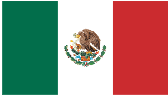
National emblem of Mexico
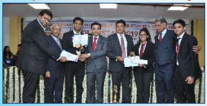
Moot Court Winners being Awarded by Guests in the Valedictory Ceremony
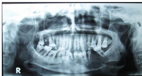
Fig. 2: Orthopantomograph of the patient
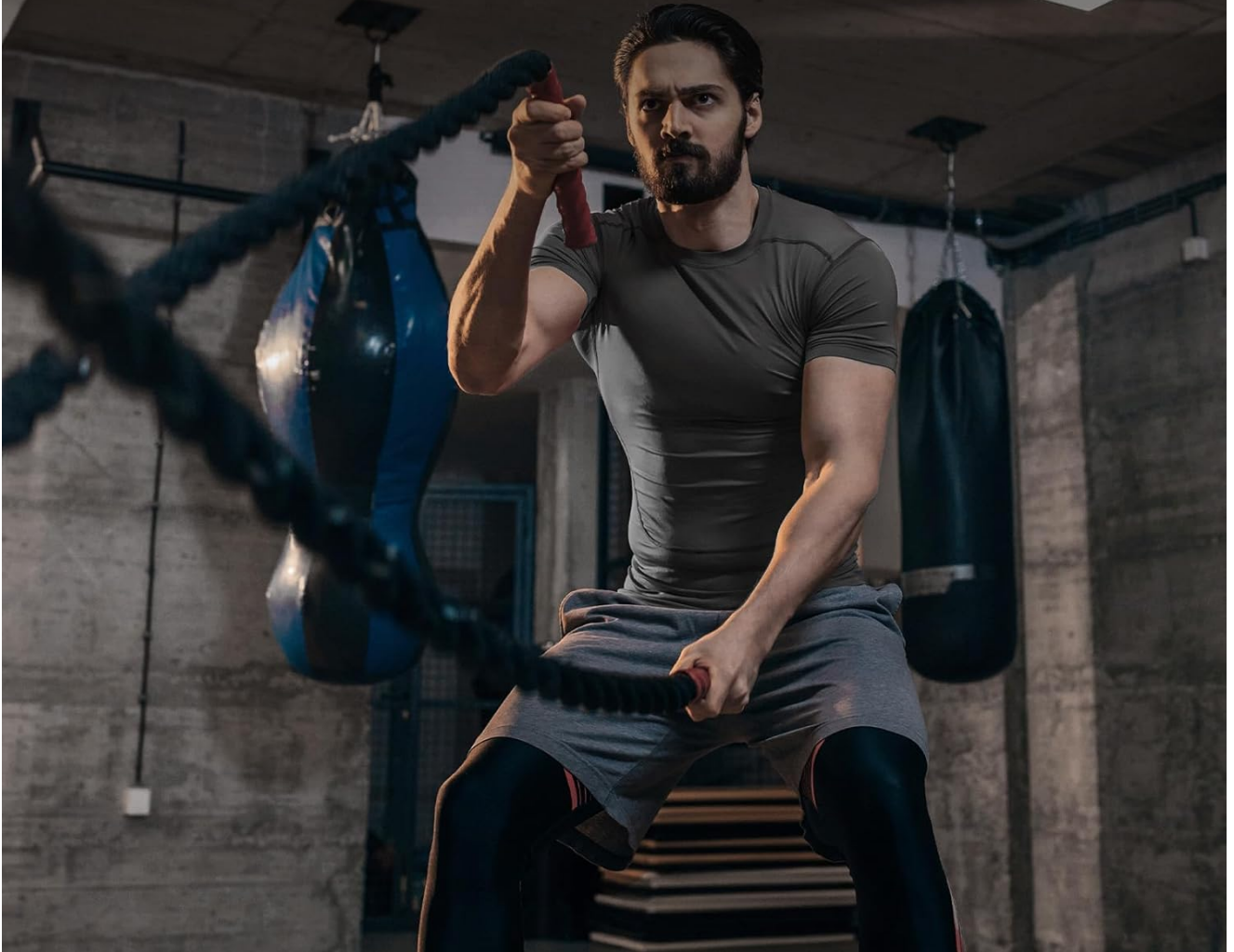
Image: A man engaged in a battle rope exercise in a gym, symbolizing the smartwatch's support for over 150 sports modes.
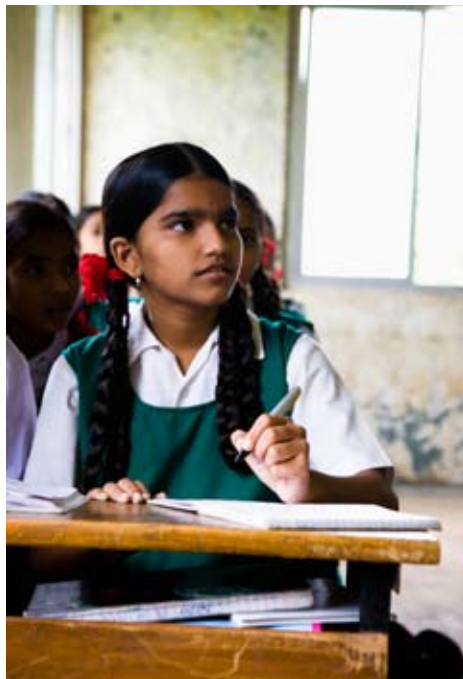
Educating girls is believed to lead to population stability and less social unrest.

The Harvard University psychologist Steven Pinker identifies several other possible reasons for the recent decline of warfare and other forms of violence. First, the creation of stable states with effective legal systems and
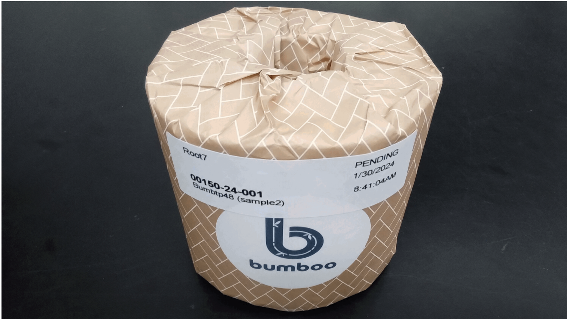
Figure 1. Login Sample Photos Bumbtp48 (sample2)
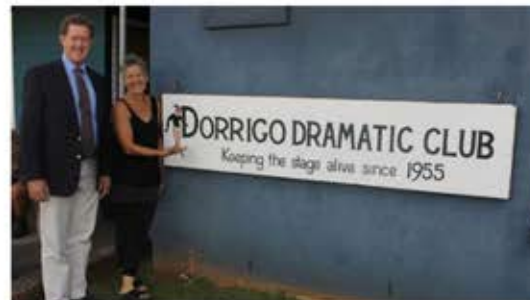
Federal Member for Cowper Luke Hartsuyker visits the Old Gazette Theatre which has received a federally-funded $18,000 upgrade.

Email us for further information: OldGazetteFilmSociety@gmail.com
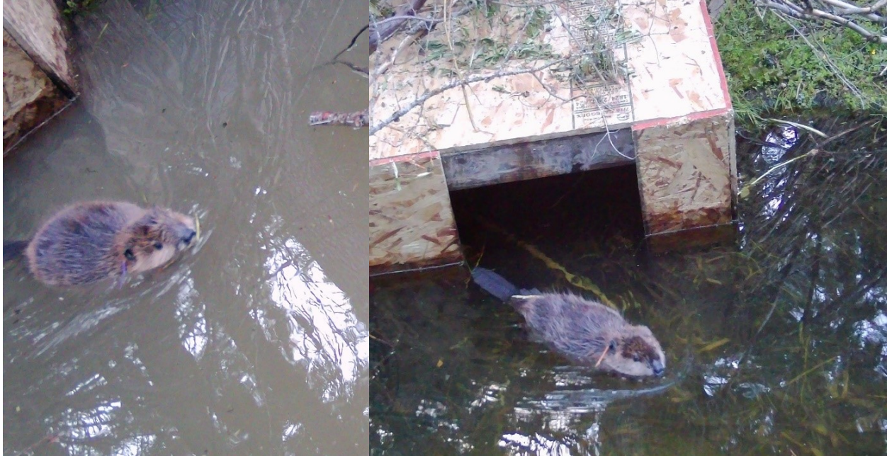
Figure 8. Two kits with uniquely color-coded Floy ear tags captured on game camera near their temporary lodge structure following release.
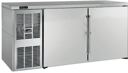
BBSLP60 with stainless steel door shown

■ ACTIVITY: Write out the records above once more, word for word, with no pictures.

■ TASK SOLUTION:
National emblem of Mexico
Moot Court Winners being Awarded by Guests in the Valedictory Ceremony
Fig. 2: Orthopantomograph of the patient
Image: A man engaged in a battle rope exercise in a gym, symbolizing the smartwatch's support for over 150 sports modes.
Educating girls is believed to lead to population stability and less social unrest.

The Harvard University psychologist Steven Pinker identifies several other possible reasons for the recent decline of warfare and other forms of violence. First, the creation of stable states with effective legal systems and
Figure 1. Login Sample Photos Bumbtp48 (sample2)
Federal Member for Cowper Luke Hartsuyker visits the Old Gazette Theatre which has received a federally-funded $18,000 upgrade.

Email us for further information: OldGazetteFilmSociety@gmail.com
Figure 8. Two kits with uniquely color-coded Floy ear tags captured on game camera near their temporary lodge structure following release.
BBSLP60 with stainless steel door shown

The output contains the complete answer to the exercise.